Why I have donated 82p to Barclays this year


The Great Fire of London in 1666 turned the matchwood, half-timbered houses of London’s Lombard Street into ashes, where the medieval goldsmiths from Lombardy had first set up their tables. A new street of brick and stone sprung up over the decade or so, and the bankers were back. Among them in the 1680s, under the sign of the Bolt and Tun, was a prosperous banker called Job Bolton.

Bolton, like so many of his profession, was an outsider from the establishment: he was a Quaker. He could hold no public office. He was barred from the army, navy and universities. His fellow Quakers were a persecuted minority, especially in Gloucestershire, where a number of them were languishing in prison and where Bolton, as a senior Quaker, was particularly concerned about them. 

He therefore made has way out of London to the west to Rickmansworth, now a London suburb, then a wealthy village within reach of the metropolis, and also the country seat of the bishop of Gloucester, to plead for some of those who had been imprisoned for their beliefs.

This is why the upright, moral Quakers so irritated the establishment with their rigid Puritanism, and also why that rigidity gave them such an advantage as bankers. Because Quakers remove their hats for no man, Bolton immediately torpedoed his cause by refusing to take off his broad-brimmed Quaker hat. The bishop was so furious at this slight that he stormed across, grabbed it from Bolton’s head and flung it across the room. You did not have to be a Quaker to want a man so principled and so rigid to manage your financial affairs.  If you had financial affairs in the 1680s, you did need somebody with a cool head, even if it was covered with a wide-brimmed hat.  

It was Bolton’s apprentice, a 21-year-old son of a textile merchant from Cirencester, another Quaker called John Freame, who set up shop himself as a goldsmith in Lombard Street in 1690 - and founded the bank that became Barclays.

You can find out more about the bizarre history of Barclays in my book Eminent Corporations.  But the question is how a bank begun in such high morality should have ended up quite where it has.

I still have my business account with Barclays, but after the last round of bonuses - £39.5 million to senior staff - I think it is time to go.

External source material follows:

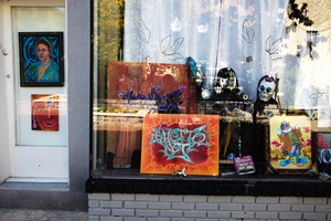 The photograph captures a vibrant window display brimming with an eclectic mix of artwork, ranging from portraits to colorful street art. The lighting accentuates the vivid colors and textures, creating a lively, inviting atmosphere that beckons passersby. The assortment reflects a playful creativity and urban culture, harmonizing both artistic styles and whimsical elements.

They have 48 million customers worldwide.  We have all donated approximately 82p to the bonus pot this year.  It doesn't sound much compared to their bank charges but we have to do it every year, and I am fed up with it.

There seems no understanding among those who run the bank that these kind of bonuses corrode our lives as well.  We pay it out, and we pay all over again as the price of houses goes up and the price of many other things too.  We pay out a third time because they are being paid for activities that are corroding the real economy of the UK, economically and morally.

Added to which, I had a call from my Barclays business account manager yesterday afternoon who asked me if I had time to talk and then asked me to confirm my date of birth.  I said I don't reveal personal data over the phone - they had phoned me after all - and they sounded surprised.

It may have been a scam, of course, but I suspect it was a version of the same corporate bone-headedness that shells out £39.5 million to the richest and least useful people in the nation.